Aghaian v. Minassian

234 Cal. App. 4th 427, 183 Cal. Rptr. 3d 822, 2015 Cal. App. LEXIS 142
CourtCalifornia Court of Appeal
DecidedFebruary 17, 2015
DocketB252326
StatusPublished
Cited by6 cases

This text of 234 Cal. App. 4th 427 (Aghaian v. Minassian) is published on Counsel Stack Legal Research, covering California Court of Appeal primary law. Counsel Stack provides free access to over 12 million legal documents including statutes, case law, regulations, and constitutions.

Bluebook
Aghaian v. Minassian, 234 Cal. App. 4th 427, 183 Cal. Rptr. 3d 822, 2015 Cal. App. LEXIS 142 (Cal. Ct. App. 2015).

Opinion

Opinion

BIGELOW, P. J.

Seda Galstian Aghaian, Aida Galstian Norhadian, and Andranik Galstian (Plaintiffs) challenge the trial court’s order staying this action on the ground of forum non conveniens. The trial court found the matter to be more appropriately heard in the Islamic Republic of Iran (Iran). The sole issue on appeal is whether Iran is a suitable alternative forum. It is not. Thus, we reverse the court’s order.

*430 FACTS

Plaintiffs are the children and heirs of Gagik Galstian and Knarik Galstian. 1 Gagik and Knarik owned a number of properties in Iran, but were forced to abandon them in September 1978, when the family fled to Los Angeles after the overthrow of the Shah. In or about 1991, the Galstians learned they could recover their properties through a man named Jalinous, who was their friend and a lawyer in Iran. To that end, Gagik executed a series of powers of attorney naming Jalinous and others as his attorneys in fact over the properties in Iran. In February of 1996, the Iranian government issued a written ruling to allow Gagik and his family to enter and leave Iran, reclaim all of their properties, and freely engage in property transactions. The parties then began the process of reclaiming and selling Gagik’s properties.

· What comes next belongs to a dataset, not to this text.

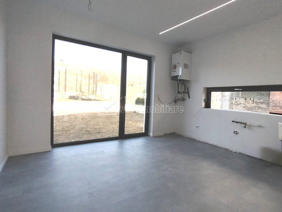 Characteristics Property type House Imobil type Two-ply Rooms number 4 Kitchens number 1 Bathrooms number 2 Terraces No. 2 Terraces area 2.00 mp Garrages number 1 Parking yes Cellar no Garden no Ussefull area 120 sqm Build area 168 sqm Land area 240 m2 Front 8 m Floor 1 Struct. strength Brick Build year 2025 Finishings: Parquet, Sandstone, Faience, Interior doors, TV

By mid-2003, defendants Shahen Minassian and Nader Izadi held the powers of attorney for the remaining properties. They executed a general quitclaim deed transferring all of Gagik’s remaining properties to themselves for little or no consideration in 2008. Minassian also deeded to himself at least one, and possibly more, of Knarik’s properties. Gagik discovered the transfers on or about January 7, 2010, and demanded that title be returned to him. Gagik then hired an Iranian attorney in February 2010, who pressed criminal charges against Minassian in Iran relating to certain properties. In a separate proceeding in 2012, another Iranian lawyer representing Gagik obtained a copy of the 2008 general quitclaim deed granting all of Gagik’s property to Minassian and Izadi. Gagik and Knarik died in 2012.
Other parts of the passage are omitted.